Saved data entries
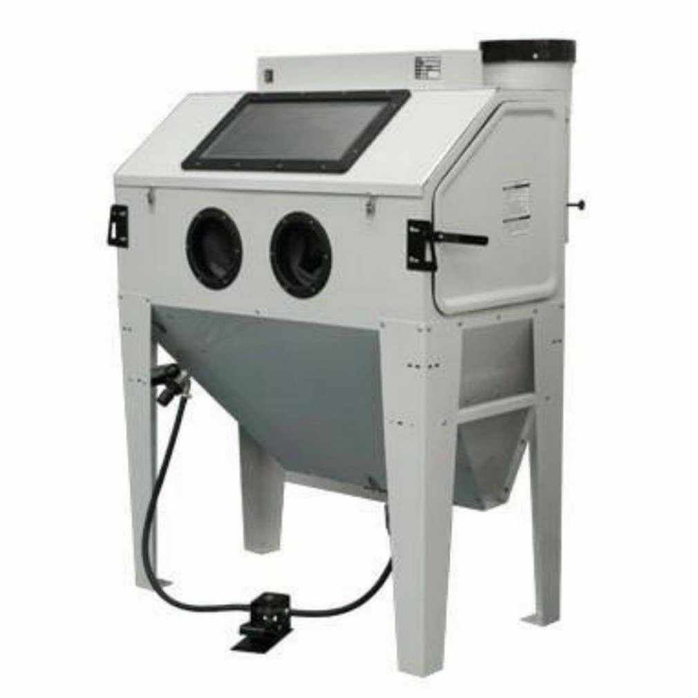 - Strahlkabine mit integrierter Absaugung garantiert beste Sicht und Schmutzabsaugung
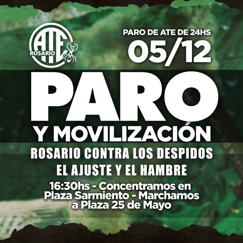 Por la tarde, la jornada de protesta tendrá continuidad con una movilización prevista para las 17 desde la plaza Sarmiento hasta la 25 de Mayo donde se realizará un acto de cierre. A esa movilización se sumará también ATE Rosario.
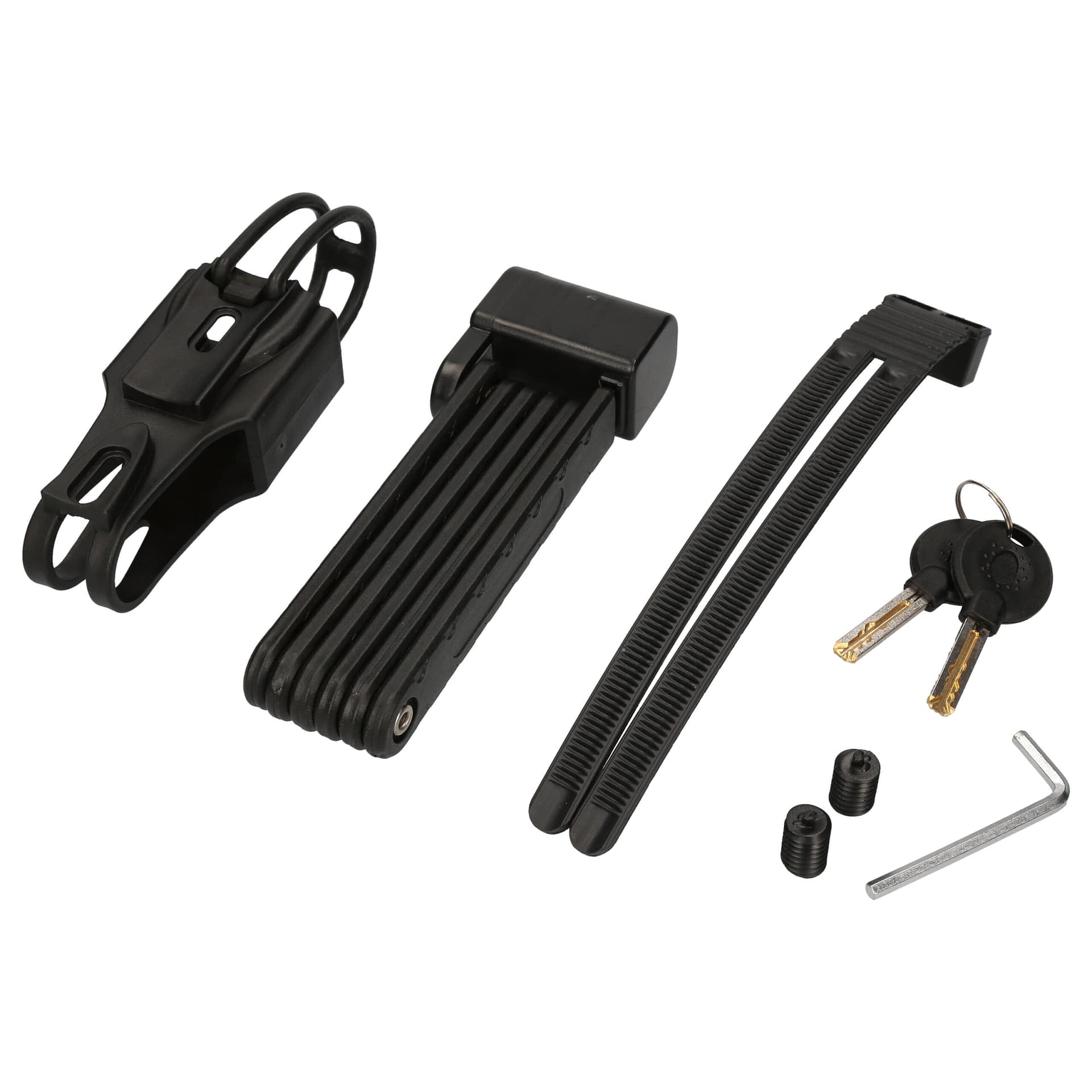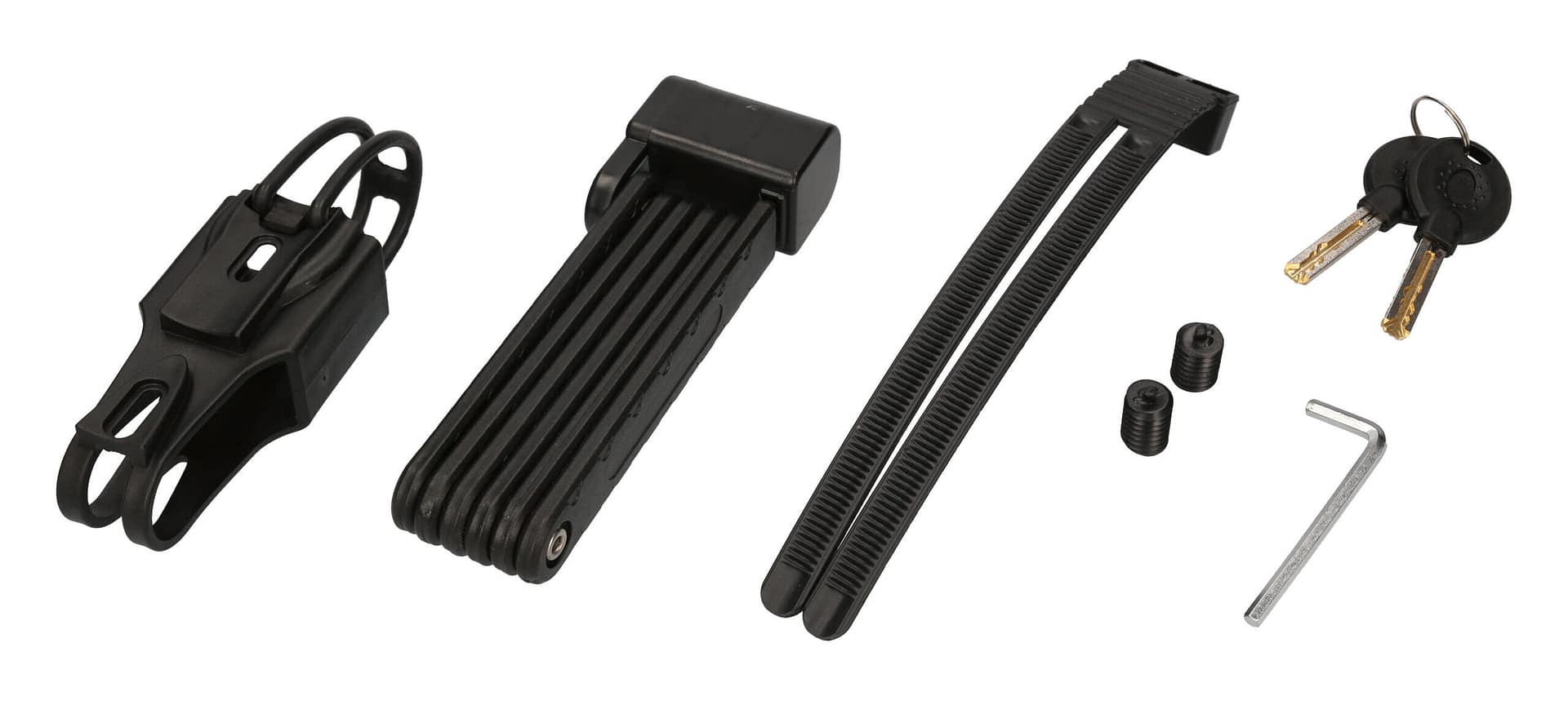 Dieses Faltschloss aus massivem Stahl eignet sich perfekt, um Ihr Fahrrad, Pedelec oder E-Bike zuverlässig vor Diebstahl zu schützen. Mit seinen insgesamt 700g Gewicht ist das Schloss nicht zu schwer für den Transport, schreckt aber Diebe mit seiner massiven Bauart ab. Zudem erhalten Sie auch eine Halterung für den Fahrradrahmen, so dass Sie immer einen festen Ort zum Verstauen des Schlosses am Fahrrad haben. Diese Halterung ist so gebaut, dass Sie bzw. das Schloss auch bei unebenen Wegen nicht klappert. Das Schloss ist in Schwarz, Rot oder Blau verfügbar.
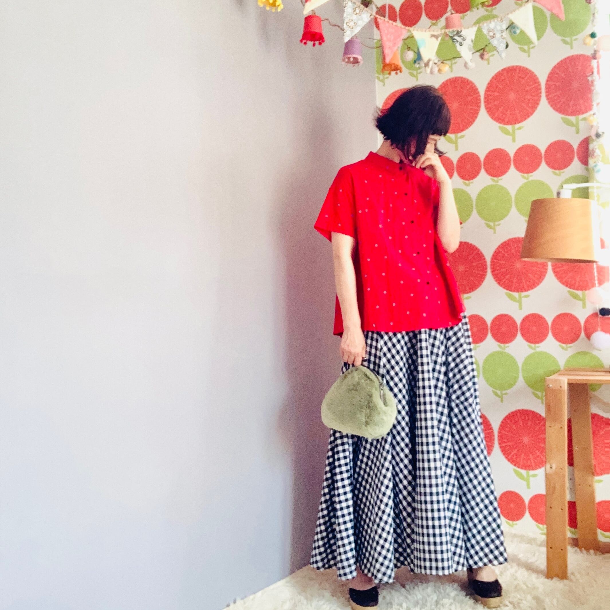 -skirt チェックのロングスカート
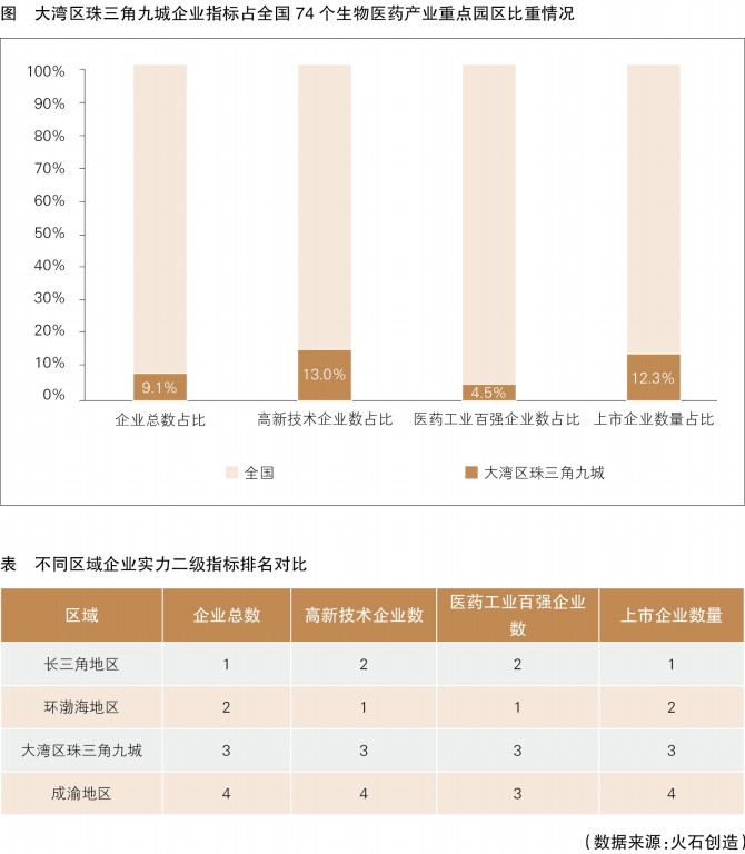 目前全國主要有4個(gè)生物醫(yī)藥集聚區(qū),分別是長三角地區(qū)、環(huán)渤海地區(qū)、大灣區(qū)珠三角九城和成渝地區(qū)。其中,大灣區(qū)珠三角九城整體實(shí)力位居第3,擁有7個(gè)重點(diǎn)園區(qū)、2個(gè)成分園區(qū),企業(yè)實(shí)力和創(chuàng)新能力位列全國第3和第4位。
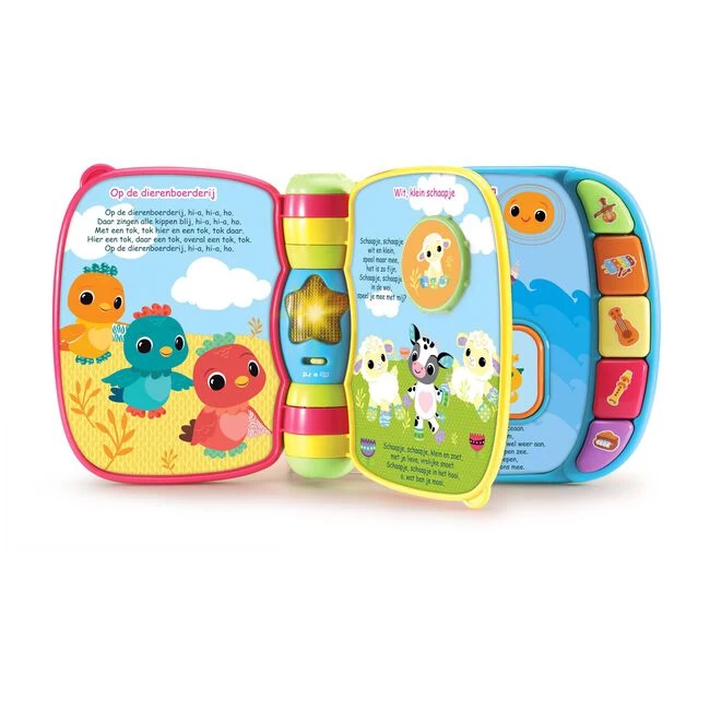 Laat je kindje op een interactieve manier kennismaken met 6 bekende kinderliedjes door middel van het VTech liedjesboek. Het liedjesboek is Nederlands gesproken en heeft een stevig en duurzaam design. De beweegbare figuurtjes op de bladzijden helpen de fijne motoriek te ontwikkelen en de mooie kleurrijke illustraties stimuleren de visuele ontwikkeling van je kindje. Type batterij: AAA
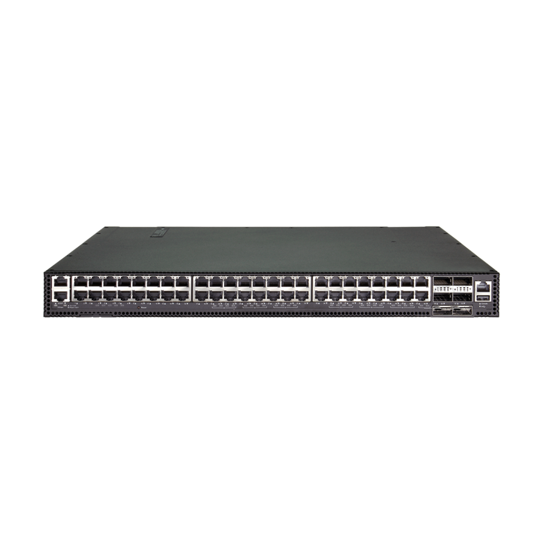 The D-Link DXS-F3610-54T switch is engineered for high-performance networking, with 48 10G BASE-T ports and 6 x 100G QSFP28 ports, ideal for large-scale enterprise, data center, and campus applications. This Layer 3 switch supports Open Flow v1.4 for seamless integration into SDN-based networks. It’s designed for flexibility, featuring modular power supplies with a 1+1 redundancy configuration for enhanced reliability. The switch is also equipped with five fan modules for efficient cooling, ensuring consistent performance under heavy load. An Intel Atom C3558 processor, along with 16GB of DDR4 memory, guarantees fast data processing and handling of high-throughput traffic. For easy maintenance, it includes a switch locator LED and ID tag to simplify management. With its advanced features, the DXS-F3610-54T is a powerful solution for businesses looking to scale their networks effectively and efficiently.
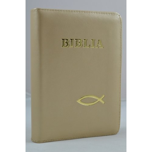 Biblie din piele, mica,bej deschis cu peste, fermoar, aurita, cuv. lui Isus in rosu [043 A]

Exercise: Nothing but the lines from the line containing "Laat je kindje" through the end of the records belongs in the answer, written out exactly, both ends included, without pictures.

Result of the task:
 Laat je kindje op een interactieve manier kennismaken met 6 bekende kinderliedjes door middel van het VTech liedjesboek. Het liedjesboek is Nederlands gesproken en heeft een stevig en duurzaam design. De beweegbare figuurtjes op de bladzijden helpen de fijne motoriek te ontwikkelen en de mooie kleurrijke illustraties stimuleren de visuele ontwikkeling van je kindje. Type batterij: AAA
 The D-Link DXS-F3610-54T switch is engineered for high-performance networking, with 48 10G BASE-T ports and 6 x 100G QSFP28 ports, ideal for large-scale enterprise, data center, and campus applications. This Layer 3 switch supports Open Flow v1.4 for seamless integration into SDN-based networks. It’s designed for flexibility, featuring modular power supplies with a 1+1 redundancy configuration for enhanced reliability. The switch is also equipped with five fan modules for efficient cooling, ensuring consistent performance under heavy load. An Intel Atom C3558 processor, along with 16GB of DDR4 memory, guarantees fast data processing and handling of high-throughput traffic. For easy maintenance, it includes a switch locator LED and ID tag to simplify management. With its advanced features, the DXS-F3610-54T is a powerful solution for businesses looking to scale their networks effectively and efficiently.
 Biblie din piele, mica,bej deschis cu peste, fermoar, aurita, cuv. lui Isus in rosu [043 A]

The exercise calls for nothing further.